__INFORMATION PROVIDED__.
= Beginning of Section =

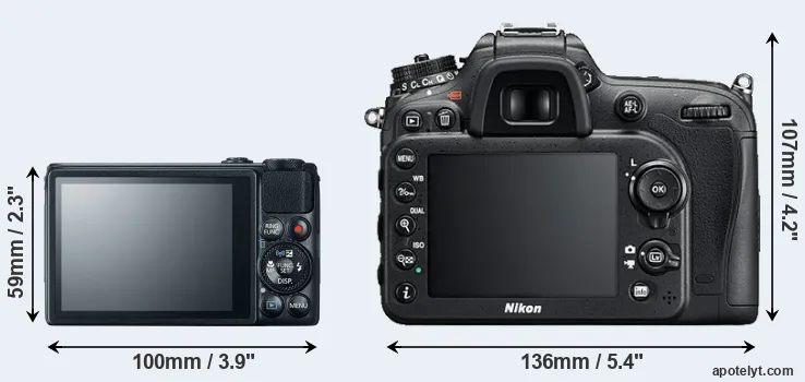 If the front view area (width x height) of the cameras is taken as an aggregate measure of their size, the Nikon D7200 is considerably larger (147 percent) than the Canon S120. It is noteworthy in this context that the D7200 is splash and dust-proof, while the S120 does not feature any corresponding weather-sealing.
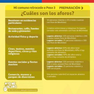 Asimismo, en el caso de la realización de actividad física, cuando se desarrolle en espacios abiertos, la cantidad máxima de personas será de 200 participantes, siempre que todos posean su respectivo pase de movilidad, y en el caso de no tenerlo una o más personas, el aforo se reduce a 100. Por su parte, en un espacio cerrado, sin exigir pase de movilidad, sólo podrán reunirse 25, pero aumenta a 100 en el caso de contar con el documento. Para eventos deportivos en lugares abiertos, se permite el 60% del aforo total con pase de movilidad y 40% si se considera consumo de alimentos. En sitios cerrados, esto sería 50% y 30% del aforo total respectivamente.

= End of Section =
= Beginning of Section =

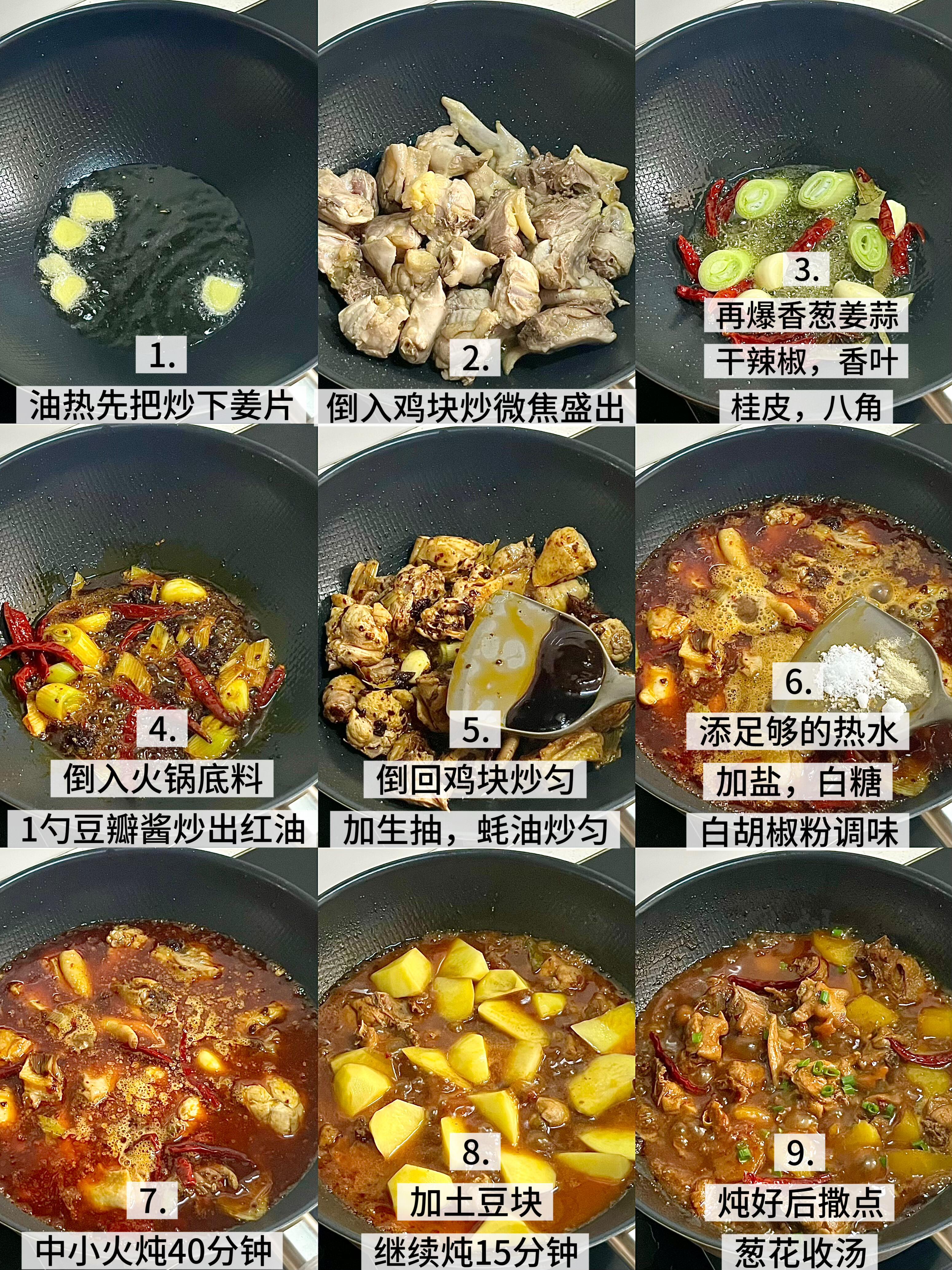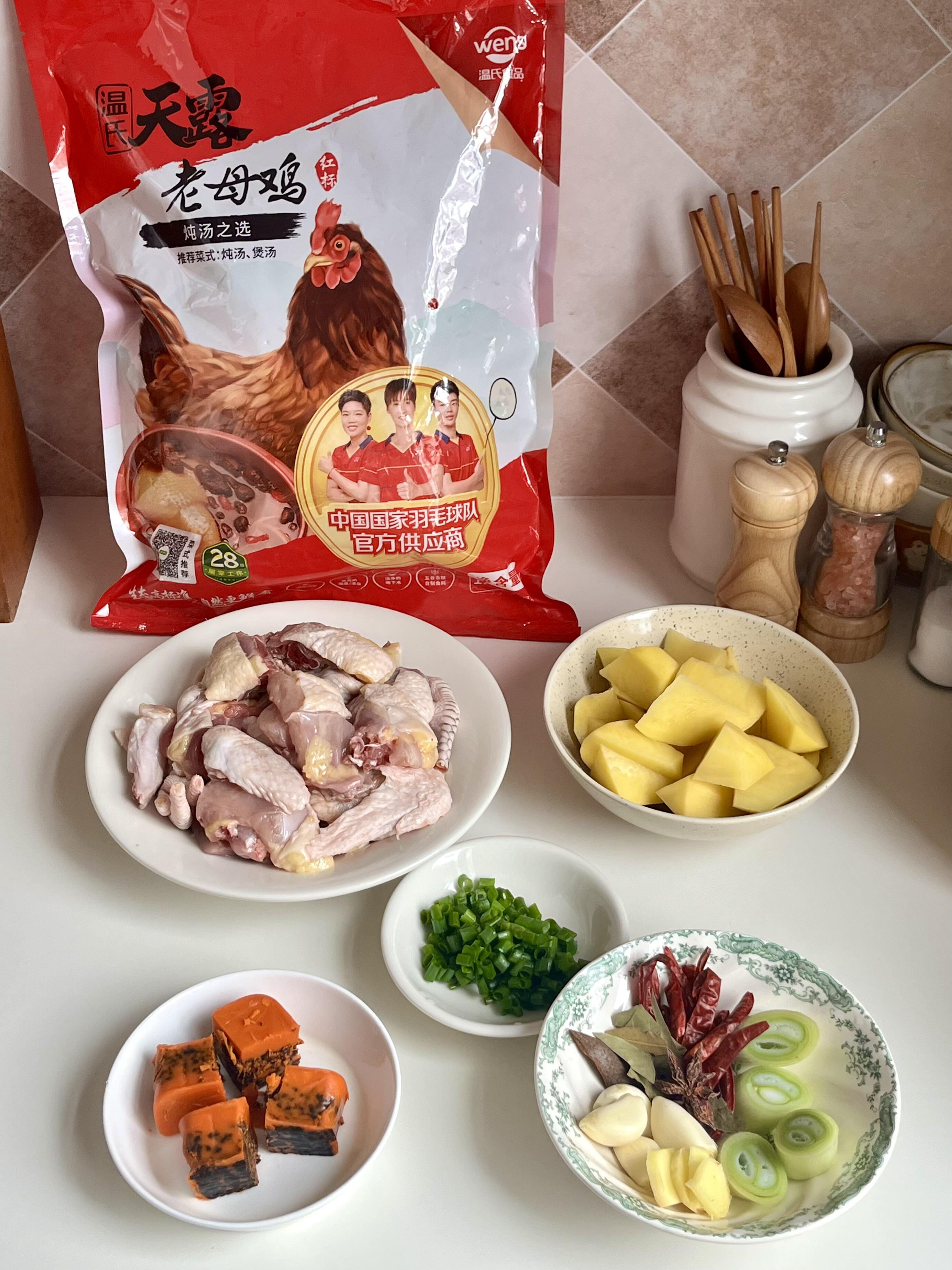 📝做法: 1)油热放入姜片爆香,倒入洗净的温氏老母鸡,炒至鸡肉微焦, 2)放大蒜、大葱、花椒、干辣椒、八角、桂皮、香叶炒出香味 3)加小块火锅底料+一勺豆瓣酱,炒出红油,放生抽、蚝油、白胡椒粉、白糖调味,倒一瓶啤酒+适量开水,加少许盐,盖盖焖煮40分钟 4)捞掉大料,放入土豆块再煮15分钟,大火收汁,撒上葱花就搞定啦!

= End of Section =

__HOW TO COMPLETE THIS TASK__. Here the job is to copy the listing above word for word, starting at the line with "If the front" and ending at the line with "Asimismo, en el", and to leave out the pictures.

__EXERCISE ANSWER__.
 If the front view area (width x height) of the cameras is taken as an aggregate measure of their size, the Nikon D7200 is considerably larger (147 percent) than the Canon S120. It is noteworthy in this context that the D7200 is splash and dust-proof, while the S120 does not feature any corresponding weather-sealing.
 Asimismo, en el caso de la realización de actividad física, cuando se desarrolle en espacios abiertos, la cantidad máxima de personas será de 200 participantes, siempre que todos posean su respectivo pase de movilidad, y en el caso de no tenerlo una o más personas, el aforo se reduce a 100. Por su parte, en un espacio cerrado, sin exigir pase de movilidad, sólo podrán reunirse 25, pero aumenta a 100 en el caso de contar con el documento. Para eventos deportivos en lugares abiertos, se permite el 60% del aforo total con pase de movilidad y 40% si se considera consumo de alimentos. En sitios cerrados, esto sería 50% y 30% del aforo total respectivamente.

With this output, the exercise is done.